VwGH vom 22.12.1993, 93/13/0177

VwGH vom 22.12.1993, 93/13/0177

Betreff

Der Verwaltungsgerichtshof hat durch den Vorsitzenden Senatspräsident Dr. Weiss und die Hofräte Dr. Pokorny, Dr. Fellner, Dr. Hargassner und Mag. Heinzl als Richter, im Beisein der Schriftführerin Oberkommissärin Dr. Büsser, über die Beschwerde des Dr. P in W, vertreten durch Dr. E, Rechtsanwalt in W, gegen den Bescheid (Berufungsentscheidung) der Finanzlandesdirektion für Wien, Niederösterreich und Burgenland, Berufungssenat I, vom , Zl 6/1-1247/92-06, betreffend Einkommensteuer 1990, zu Recht erkannt:

Spruch

Der angefochtene Bescheid wird wegen Rechtswidrigkeit seines Inhaltes aufgehoben.
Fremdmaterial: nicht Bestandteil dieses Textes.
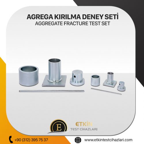 Agrega kırılma değerli deney seti dünya kalite standartlarına göre üretilmiştir. Kullanımı son derece kolay ve pratiktir. Agregaların üzerine kademeli olarak basınç uygulandığında kırılmaya karşı direncini ölçmek için kullanılan bir deney setidir. Agrega taş, kum, çakıl, mıcır gibi beton yapılabilecek olan malzemelerin tamamına verilen isimdir. Buna göre bu deney setinde agrega numunelerine belirli kademelerde arttırılarak basınç uygulanır. Bu yükün altında kalan agreganın ne kaar basınçta kırıldığını ölçümlemek amacıyla kullanılır. Deney seti içerisinde çelik silindir, basınç uygulamaya yarayan piston, taban plakası, şişleme çubuğu ve silindirik ölçü kabı bulunur ve sipariş ile birlikte tamamı gönderilmektedir.

Der Bund hat dem Beschwerdeführer Aufwendungen in der Höhe von S 11.570,-- binnen zwei Wochen bei sonstiger Exekution zu ersetzen. Das Mehrbegehren wird abgewiesen.

Begründung

Der Beschwerdeführer erwarb von einer Dentistin deren Praxis mit sämtlichen Geräten und Einrichtungsgegenständen, Werkzeugen und der Patientenkartei sowie mit gesondertem Vertrag die im Wohnungseigentum des Gatten der Dentistin stehenden Ordinationsräumlichkeiten von diesem.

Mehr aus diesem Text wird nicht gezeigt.